Aux JO de 1972, à Munich, le tournoi de football s'est terminé d'une drôle de manière. Pendant la prolongation du match pour la troisième place, URSS et RDA ont fait le choix de ne pas se départager. Elles auront ainsi toutes deux une médaille de bronze, au nom de l'amitié entre les peuples et surtout du gagnant-gagnant.

L'image est étrange. Quatre équipes de football sur un podium olympique. Elle n'a eu lieu qu'une seule fois, en 1972. Une faille du règlement de la FIFA a suffi à l'URSS et la RDA pour s'engouffrer dans la brèche. Avant les Jeux olympiques de Munich, un changement des règles du tournoi précise qu'à la fin de la prolongation, aucune séance de tirs au but n'est à prévoir. En fait, ce cas précis provoquerait un partage de la médaille, qu'elle soit d'or ou de bronze. Alors, à la fin du match pour la troisième place à l'Olympiastadion, alors que le score est de 2-2, l'URSS et la RDA n'attaquent plus. Le pacte de non-agression n'est pas clairement établi, mais dans l'esprit, c'est net : les deux sélections n'ont pas envie de prendre le risque d'attaquer.
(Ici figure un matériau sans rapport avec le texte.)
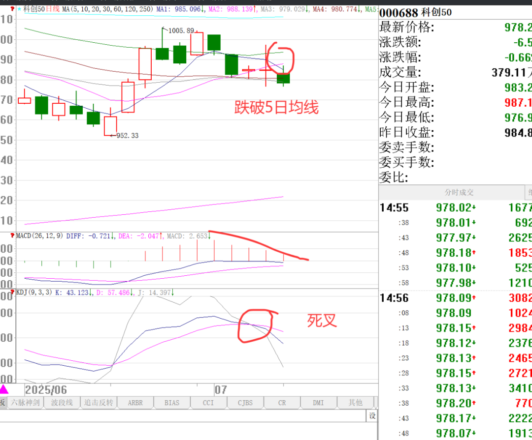 再看科创50指数,KDJ死叉,跌破5日均线,今天还在探底,所以你的股票也是如此状态,那就控制仓位,等~~等KDJ金叉,等收复5日均线,等MACD红柱放大了,再考虑加仓买回来,没有这些信号,必须控制仓位放在第一位!

Le calcul est simple. En marquant un but, c'est la même médaille au bout ; en encaissant un but, c'est la perte de toute médaille olympique. Reinhardt Häfner, ancien joueur de cette sélection et idole au Dynamo Dresde, confirme que la règle est connue et prise en compte. " On le savait bien avant le match. " Alors la prolongation s'est terminée comme elle avait commencé : à 2-2, avec la certitude qu'à la fin, les deux équipes auraient leur médaille pour signer un 4/4 des "pays de l'Est" au palmarès de cette olympiade.

L'Est souverain


Dès les qualifications, la mainmise du football à l'est du rideau de fer est évidente. En dehors du pays d'accueil, qualifié d'office, seul le Danemark parvient à créer la surprise en éliminant la Roumanie. Les autres sont tous des pays satellites (RDA, Pologne, Hongrie – tenante du titre) et la maison-mère, l'URSS. Il y a un avantage certain pour ces pays, dans la formule alors réservée aux JO pour le football. Seuls les joueurs amateurs peuvent participer. " Il n'y avait pas de professionnels dans les équipes d'Europe de l'Est, précise Häfner. C'est la raison première pour laquelle ces pays étaient plus forts. Ils pouvaient sélectionner tous les joueurs à leur disposition. " Les pays communistes mettent à profit le système et squattent les places d'honneur sans problème.